Türk TSK'nın 'siyasete müdahalesine kapı aralayan' İç Hizmet Kanununun 35'inci maddesinin değiştirilmesi, askere tanınan 'geniş' yetkilerin kısıtlanması, Genelkurmay'ın Milli Savunma Bakanlığı'na bağlanması, Terörle Mücadele Yasası başta olmak üzere askere 'etkinlik' sağlayan yasalardaki anti-demokratik hükümlerin bir an önce değiştirilmesi gibi önerilerde bulundu.
Türk partisinin Meclis grup toplantısında yaşanan son gelişmeleri değerlendirdi. Türkiye'nin her kesiminden demokrat çevrelerin yıllardan beri tartışmasız olarak gündemlerinin birinci sırasında tuttukları canalıcı bir konu olduğunu ifade eden Türk bu konunun 'demokratik siyaset ve bunun önünde engel olan vesayet rejimi' olduğunu ifade etti. Son günlerde ortaya çıkan belge tartışmaları ile bu konunun yeniden gündeme geldiğine işaret eden Türk, sözkonusu rejimin özü itibariyle 1924'ten beri hüküm süren 'ittihatçı elitlerin rejimi' olduğunu savundu.
İRAN ÖRNEĞİ
İran'da Cumhurbaşkanlığı seçimlerinin ardından yaşanan olayları hatırlatan Türk, halkın demokrasi talebinin bin yıllık devlet geleneği olan bir ülkenin rejimini bile tartışmalı hale getirdiğini kaydetti. Sadece İran'da değil tüm Ortadoğu ülkelerinde toplumların önü alınamaz bir demokrasi ve özgürlük talepleri olduğuna işaret eden Ahmet Türk, Türkiye'nin bu durumdan ders çıkarması gerektiğini söyledi. Türk şöyle konuştu:
"Şimdi seçkinci siyasetin öncüleri diyecekler, 'İran ile Türkiye'nin ne benzerliği var?'Kimse başını kuma gömüp kandırmasın. Adı ister İslami Cumhuriyet olsun, isterse laik cumhuriyet olsun, eğer bir rejimin temel niteliği otoriter vesayetçilik ise; bu her iki cumhuriyet de aynı meşruiyet krizini yaşamaya mahkumdur."

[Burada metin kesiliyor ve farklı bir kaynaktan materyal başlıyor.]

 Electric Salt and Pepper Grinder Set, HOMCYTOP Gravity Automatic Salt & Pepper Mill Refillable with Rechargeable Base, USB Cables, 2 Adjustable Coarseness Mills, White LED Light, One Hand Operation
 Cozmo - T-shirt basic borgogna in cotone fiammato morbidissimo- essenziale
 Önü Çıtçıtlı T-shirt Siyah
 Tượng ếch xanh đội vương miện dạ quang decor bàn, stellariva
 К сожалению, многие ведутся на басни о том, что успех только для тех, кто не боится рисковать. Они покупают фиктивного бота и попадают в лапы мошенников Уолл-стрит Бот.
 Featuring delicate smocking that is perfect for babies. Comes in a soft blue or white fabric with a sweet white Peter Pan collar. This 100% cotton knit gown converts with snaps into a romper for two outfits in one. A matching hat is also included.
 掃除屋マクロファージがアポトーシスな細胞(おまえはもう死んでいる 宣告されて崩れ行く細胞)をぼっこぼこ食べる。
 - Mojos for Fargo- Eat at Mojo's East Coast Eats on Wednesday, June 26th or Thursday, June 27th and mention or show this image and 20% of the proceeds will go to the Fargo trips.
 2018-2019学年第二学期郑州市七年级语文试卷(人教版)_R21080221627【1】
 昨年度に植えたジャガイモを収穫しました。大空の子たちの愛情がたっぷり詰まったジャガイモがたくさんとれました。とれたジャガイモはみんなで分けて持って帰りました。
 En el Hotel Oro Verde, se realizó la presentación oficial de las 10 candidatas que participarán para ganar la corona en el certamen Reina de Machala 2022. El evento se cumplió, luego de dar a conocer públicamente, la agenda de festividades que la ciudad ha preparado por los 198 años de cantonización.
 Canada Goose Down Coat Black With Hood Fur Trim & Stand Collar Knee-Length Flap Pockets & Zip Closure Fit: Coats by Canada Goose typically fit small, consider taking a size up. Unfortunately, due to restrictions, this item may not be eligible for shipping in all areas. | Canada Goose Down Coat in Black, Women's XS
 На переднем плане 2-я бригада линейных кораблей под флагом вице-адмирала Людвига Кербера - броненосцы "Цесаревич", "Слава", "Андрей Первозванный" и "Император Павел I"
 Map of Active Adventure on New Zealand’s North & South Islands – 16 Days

"BELGE SAHTE ÇIKSA NE OLACAK?"
Türk, Genelkurmay'da hazırlandığı iddia edilen belge konusunda 'sahte mi gerçek mi' tartışmalarının yürütüldüğünü hatırlatarak "Hadi diyelim ki sahte çıktı, peki bu sonuç, ülkede askeri vesayetin, darbe girişimlerinin olmadığı anlamına mı gelecek? Veya ülkedeki askeri vesayetin varlığı, bu belgenin gerçek çıkmasıyla mı kanıtlanmış olacak? Bu kadar basit ve sığ bir yaklaşım olabilir mi? Belge sahte çıksa ne olacak? Gerçek çıksa ne olacak? Sonuçta yaşanan bir yığın olay var. Bu ülke ne cenderelerden geçti." dedi.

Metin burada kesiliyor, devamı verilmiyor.